A Forgotten Greenhouse Gas
In the world’s effort to cut greenhouse gas emissions, the source of our food is coming into the spotlight. There’s good reason for that: Agriculture accounts for 16 to 27% of human-caused climate-warming emissions. But much of these emissions are not from carbon dioxide, that familiar climate change villain. They’re from another gas altogether: nitrous oxide (N2O).
Also known as laughing gas, N2O does not get nearly the attention it deserves, says David Kanter, a nutrient pollution researcher at New York University and vice-chair of the International Nitrogen Initiative, an organisation focused on nitrogen pollution research and policy making. “It’s a forgotten greenhouse gas,” he says.

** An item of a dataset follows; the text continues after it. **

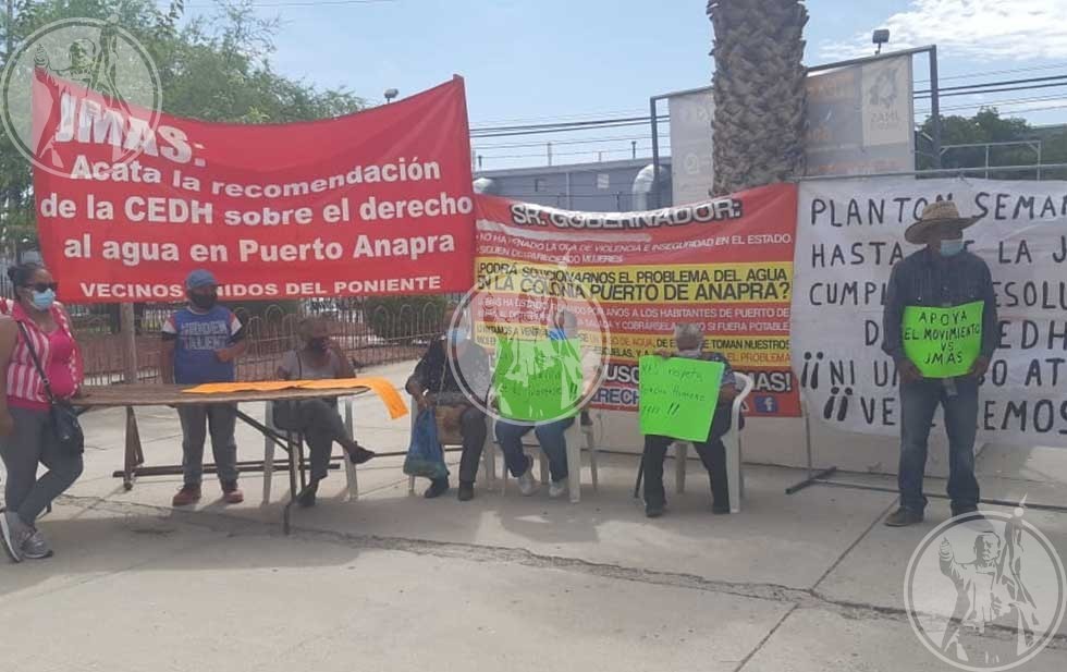Integrantes de la agrupación “Frente del derecho al agua” realizaron un plantón afuera de las oficinas de la JMAS para exigir que se cumpla la recomendación de la Comisión Estatal de Derechos Humanos (CEDH) para la instalación del servicio de líquido potable en Puerto Anapra.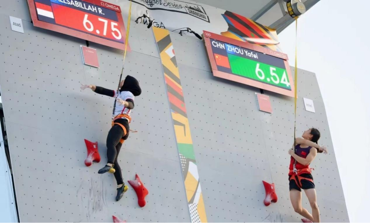 2024年5月16日,巴黎奥运资格系列赛上海站,在黄浦滨江盛大开幕,来自各国的运动健儿相聚在此,进行为期四天的比赛。5月18日,比赛的第三日,来自2138cc太阳集团22级周娅菲同学经过激烈的角逐,在女子攀岩速度赛决赛中以6秒54的成绩夺得冠军,为中国队拿下一枚金牌。

Yet molecule for molecule, N2O is about 300 times as potent as carbon dioxide at heating the atmosphere. And like CO2, it is long-lived, spending an average of 114 years in the sky before disintegrating. It also depletes the ozone layer. In all, the climate impact of laughing gas is no joke. Scientists at the Intergovernmental Panel on Climate Change (IPCC) have estimated that nitrous oxide comprises roughly 6% of greenhouse gas emissions, and about three-quarters of those N2O emissions come from agriculture.
But despite its important contribution to climate change, N2O emissions have largely been ignored in climate policies. And the gas continues to accumulate. A 2020 review of nitrous oxide sources and sinks found that emissions rose 30% in the last four decades and are exceeding all but the highest potential emissions scenarios described by the IPCC. Agricultural soil – especially because of the globe’s heavy use of synthetic nitrogen fertiliser – is the principal culprit.
Today, scientists are looking at several ways to treat the soil or adjust farming practices to cut back on N2O production.
“Anything that can be done to improve fertiliser use efficiency would be big,” says Michael Castellano, an agroecologist and soil scientist at Iowa State University.
Humanity has tipped the Earth’s nitrogen cycle out of balance. Before the rise of modern agriculture, most plant-available nitrogen on farms came from compost, manure and nitrogen-fixing microbes which take nitrogen gas (N2) and convert it to ammonium, a soluble nutrient that plants can take up through their roots. That all changed in the early 1900s with the debut of the Haber-Bosch process that provided an industrial method to produce massive amounts of ammonia fertiliser.
This abundance of synthetic fertiliser has boosted crop yields and helped to feed people around the globe, but this surplus nitrate and ammonium comes with environmental costs. Producing ammonia fertiliser accounts for about 1% of all global energy use and 1.4% of CO2 emissions (the process requires heating nitrogen gas and subjecting it to pressures of up to 400 atmospheres, so it’s very energy-intensive). More importantly, the fertiliser drives increased emissions of nitrous oxide because farmers tend to apply the nitrogen to their fields in a few large batches during the year, and crops can’t use it all.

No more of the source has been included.